Part 18 (1/2)

KIL ARTHUR.

There was a time long ago, and if we had lived then, we shouldn't be living now.

In that time there was a law in the world that if a young man came to woo a young woman, and her people wouldn't give her to him, the young woman should get her death by the law.

There was a king in Erin at that time who had a daughter, and he had a son too, who was called Kil Arthur, son of the monarch of Erin.

Now, not far from the castle of the king there was a tinker; and one morning he said to his mother: ”Put down my breakfast for me, mother.”

”Where are you going?” asked the mother.

”I'm going for a wife.”

”Where?”

”I am going for the daughter of the king of Erin.”

”Oh! my son, bad luck is upon you. It is death to ask for the king's daughter, and you a tinker.”
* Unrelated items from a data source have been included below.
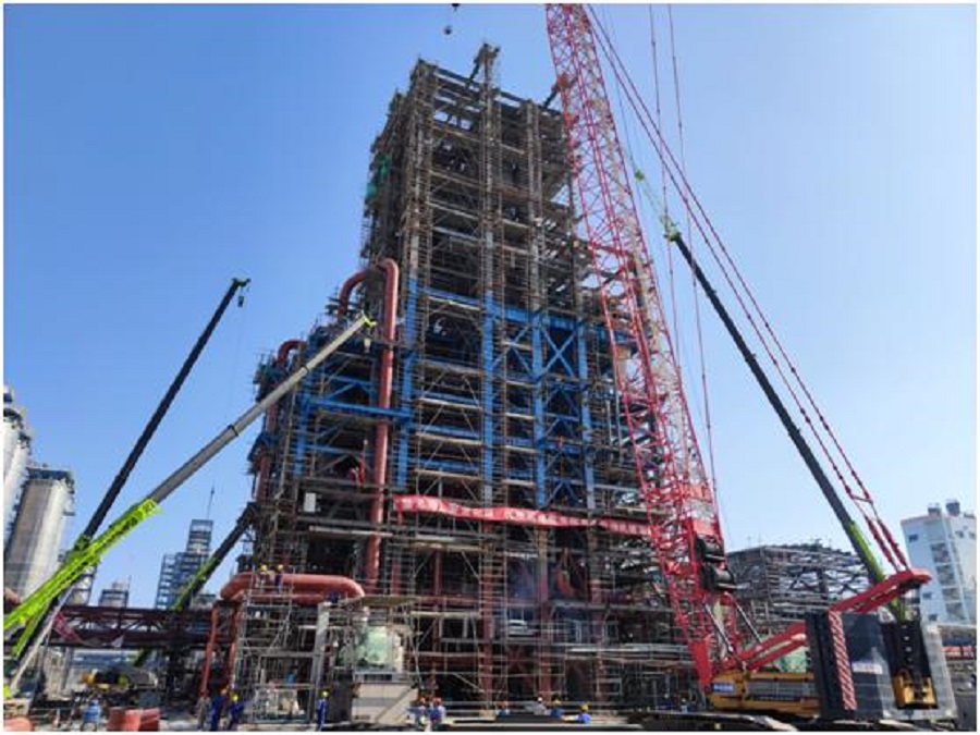 中南分公司寧波項目裝置主反應(yīng)框架順利封頂
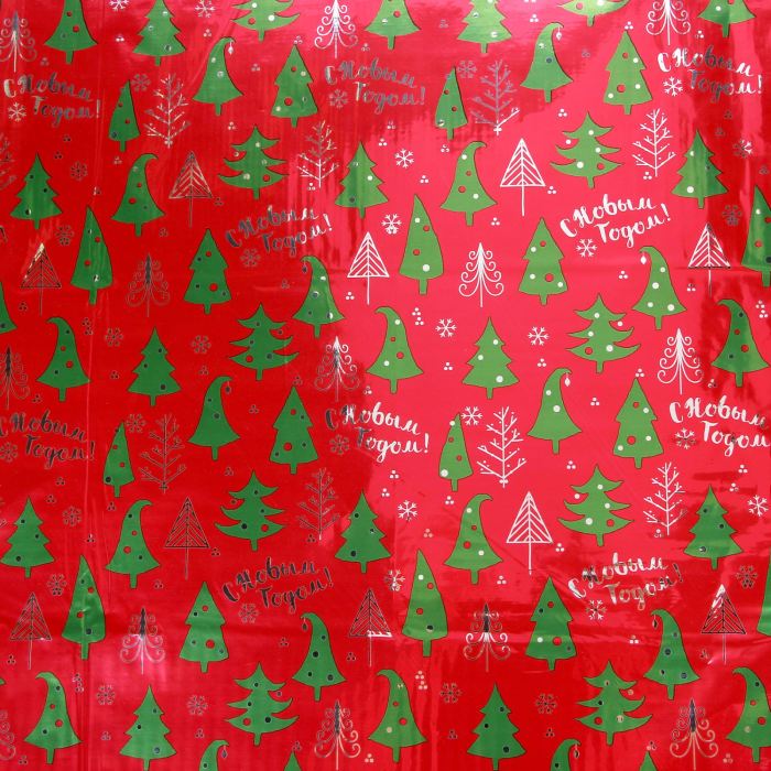Бумага упаковочная голография "Новогодние ёлочки",70 х100 см
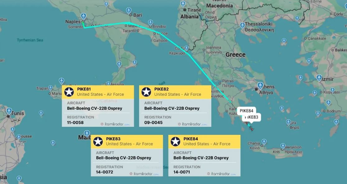 Όπως αναφέρει το itamilradar.com τα αεροσκάφη καθέτου απογειώσεως με διακριτικά κλήσης PIKE81, PIKE82, PIKE83 και PIKE84 διέσχισαν τη νότια Ιταλία πριν συνεχίσουν προς την Ελλάδα.
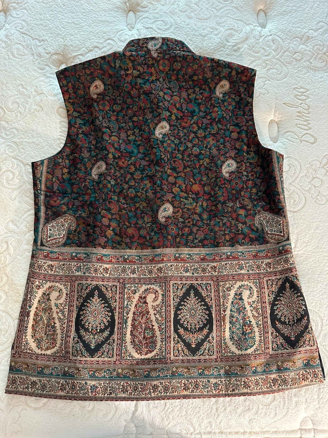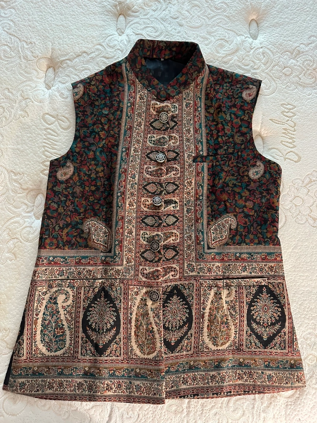 Selling a unique vest with a beautiful paisley pattern. It's in great condition and features a detailed design with multiple colours. Perfect for adding a touch of elegance to any outfit!
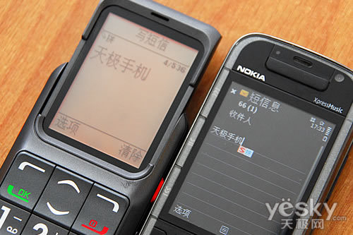 我们进行一段文字录入,并且和诺基亚5730XM进行对比,可以看到录入同样的文字,雅器S738的显示效果更加清晰,即使是较远的距离亦可以观察清楚手机上所显示的内容。

”I don't care for that,” said he.

So the tinker went to the king's castle. They were at dinner when he came, and the king trembled as he saw him.

Though they were at table, the tinker went into the room.

The king asked: ”What did you come for at this time?”

”I came to marry your daughter.”

”That life and strength may leave me if ever you get my daughter in marriage! I'd give her to death before I would to a tinker.”

Now Kil Arthur, the king's son, came in, caught the tinker and hanged him, facing the front of the castle. When he was dead, they made seven parts of his body, and flung them into the sea.

Then the king had a box made so close and tight that no water could enter, and inside the box they fixed a coffin; and when they had put a bed with meat and drink into the coffin, they brought the king's daughter, laid her on the bed, closed the box, and pushed it into the open sea. The box went out with the tide and moved on the water for a long time; where it was one day it was not the next,--carried along by the waves day and night, till at last it came to another land.

Now, in the other land was a man who had spent his time in going to sea, till at length he got very poor, and said: ”I'll stay at home now, since G.o.d has let me live this long. I heard my father say once that if a man would always rise early and walk along the strand, he would get his fortune from the tide at last.”

One morning early, as this man was going along the strand, he saw the box, and brought it up to the sh.o.r.e, where he opened it and took out the coffin. When the lid was off the coffin, he found a woman inside alive.

”Oh!” said he, ”I'd rather have you there than the full of the box of gold.”

”I think the gold would be better for you,” said the woman.

He took the stranger to his house, and gave her food and drink. Then he made a great cross on the ground, and clasping hands with the woman, jumped over the arms of the cross, going in the same direction as the sun. This was the form of marriage in that land. They lived together pleasantly. She was a fine woman, worked well for her husband, and brought him great wealth, so that he became richer than any man; and one day, when out walking alone, he said to himself: ”I am able to give a grand dinner now to Ri Fohin, Sladaire Mor [king under the wave, the great robber], who owns men, women, and every kind of beast.”

Then he went home and invited Ri Fohin to dinner. He came with all the men, women, and beasts he had, and they covered the country for six miles.

The beasts were fed outside by themselves, but the people in the house.